2023 Double-Dip Uptier Exchange
Transaction
Prior to the chapter 11 filing, the At Home Group debtors consummated a double-dip uptier exchange transaction in May 2023. According to the first day declaration, the debtors completed a liability management transaction through a new-money financing and unsecured senior notes exchange for additional liquidity.
As part of the double-dip transaction, At Home Group created a new Cayman entity as a restricted subsidiary and issued $200 million of new 11.5% secured notes due 2028, which has a guarantee from the existing parent company and whose proceeds were sent back to the ParentCo through an intercompany loan. The company did not transfer any assets to the new entity, but the guarantee and the intercompany loan are both pari passu with existing secured debt.
An illustrative chart of the double-dip transaction from the debtors’ first day hearing presentation is below:

As part of the uptier exchange, unsecured noteholders exchanged $447 million of existing notes into new $412 million PIK secured toggle notes at 0% of par plus accrued interest.
Treatment of Double-Dip Claim
Both claims that originated as a result of the 2023 transaction are being recognized as part of the proposed restructuring plan.
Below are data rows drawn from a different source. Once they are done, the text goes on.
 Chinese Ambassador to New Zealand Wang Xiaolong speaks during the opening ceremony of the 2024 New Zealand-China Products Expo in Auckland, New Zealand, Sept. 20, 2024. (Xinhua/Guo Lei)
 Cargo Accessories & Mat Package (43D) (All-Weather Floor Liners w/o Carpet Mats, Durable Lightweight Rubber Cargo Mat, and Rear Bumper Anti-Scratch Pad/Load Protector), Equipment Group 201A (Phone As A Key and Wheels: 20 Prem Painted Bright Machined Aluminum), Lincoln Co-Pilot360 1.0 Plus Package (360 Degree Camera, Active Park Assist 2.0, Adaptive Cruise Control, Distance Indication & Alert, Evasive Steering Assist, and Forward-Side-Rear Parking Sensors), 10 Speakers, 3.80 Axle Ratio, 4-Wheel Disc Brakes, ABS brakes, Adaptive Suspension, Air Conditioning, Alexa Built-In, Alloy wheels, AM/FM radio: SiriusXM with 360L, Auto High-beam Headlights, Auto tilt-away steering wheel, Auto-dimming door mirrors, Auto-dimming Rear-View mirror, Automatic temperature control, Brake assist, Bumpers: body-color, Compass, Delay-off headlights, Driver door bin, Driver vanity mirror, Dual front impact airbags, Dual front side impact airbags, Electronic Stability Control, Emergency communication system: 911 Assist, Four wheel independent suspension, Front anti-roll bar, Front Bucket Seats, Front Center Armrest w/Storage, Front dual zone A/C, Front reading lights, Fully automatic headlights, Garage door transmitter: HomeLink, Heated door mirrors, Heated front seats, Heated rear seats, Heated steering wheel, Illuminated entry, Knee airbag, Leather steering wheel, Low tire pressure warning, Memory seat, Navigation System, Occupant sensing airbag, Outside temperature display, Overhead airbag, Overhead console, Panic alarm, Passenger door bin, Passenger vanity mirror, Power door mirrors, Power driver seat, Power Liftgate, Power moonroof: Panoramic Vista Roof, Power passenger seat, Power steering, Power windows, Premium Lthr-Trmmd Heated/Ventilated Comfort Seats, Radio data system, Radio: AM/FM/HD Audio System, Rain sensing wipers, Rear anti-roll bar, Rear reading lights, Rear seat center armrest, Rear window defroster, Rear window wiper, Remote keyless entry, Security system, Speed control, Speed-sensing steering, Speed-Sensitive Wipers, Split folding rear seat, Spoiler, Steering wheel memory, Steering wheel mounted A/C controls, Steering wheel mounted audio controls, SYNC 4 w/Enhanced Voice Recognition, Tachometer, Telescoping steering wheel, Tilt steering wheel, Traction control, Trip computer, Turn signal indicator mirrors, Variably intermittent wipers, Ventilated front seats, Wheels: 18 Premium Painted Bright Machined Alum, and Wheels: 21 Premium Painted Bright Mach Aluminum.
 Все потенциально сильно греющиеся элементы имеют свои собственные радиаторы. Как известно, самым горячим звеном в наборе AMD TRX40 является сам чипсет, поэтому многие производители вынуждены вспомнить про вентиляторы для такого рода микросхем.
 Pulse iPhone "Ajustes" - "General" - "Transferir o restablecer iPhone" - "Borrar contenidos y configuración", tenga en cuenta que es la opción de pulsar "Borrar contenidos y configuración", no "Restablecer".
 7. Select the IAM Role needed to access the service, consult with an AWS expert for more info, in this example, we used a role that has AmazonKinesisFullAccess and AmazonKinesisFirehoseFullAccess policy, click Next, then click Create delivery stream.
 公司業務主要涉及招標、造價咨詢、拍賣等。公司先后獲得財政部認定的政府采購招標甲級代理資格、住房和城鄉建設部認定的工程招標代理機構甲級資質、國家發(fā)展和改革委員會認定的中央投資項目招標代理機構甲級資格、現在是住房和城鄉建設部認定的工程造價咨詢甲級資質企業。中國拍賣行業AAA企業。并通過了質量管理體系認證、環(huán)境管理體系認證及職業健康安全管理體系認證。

Secured claims, according to the RSA, include both the $200 million Cayman notes claims and $200 million of intercompany note claims. According to the RSA, each holder of an allowed intercompany notes claim shall receive a pro rata share of 100% of the pre-dilution reorganized equity; “provided that such holder’s recovery under the Plan shall be payable to the indenture trustee and collateral agent for the Cayman Notes for distribution to the holders of the allowed Cayman Notes Claims.”
Prepetition claim amounts are shown below, including the intercompany claims:

Since the proposed plan would hand 98% of reorganized equity to DIP lenders, post-dilution, the intercompany claim would effectively be worthless. Further, intercompany claimholders are excluded from the new-money DIP syndication, and since the proposed plan requires lenders participating in the DIP to roll up their Cayman note claims first, the intercompany note claims would be extinguished as laid out in the RSA.
According to the RSA, the intercompany note secured obligations would be deemed repaid on a dollar-for-dollar basis as the Cayman note secured obligations are rolled up into tranche B DIP loans.
The backstop group, according to the first day declaration, owns over 99% of Cayman note claims. Therefore, per the terms of the RSA, the initial $100 million of the new-money portion of the DIP held back for backstop parties would result in all $200 million of Cayman note claims rolled up into the DIP and deemed “repaid” under the RSA.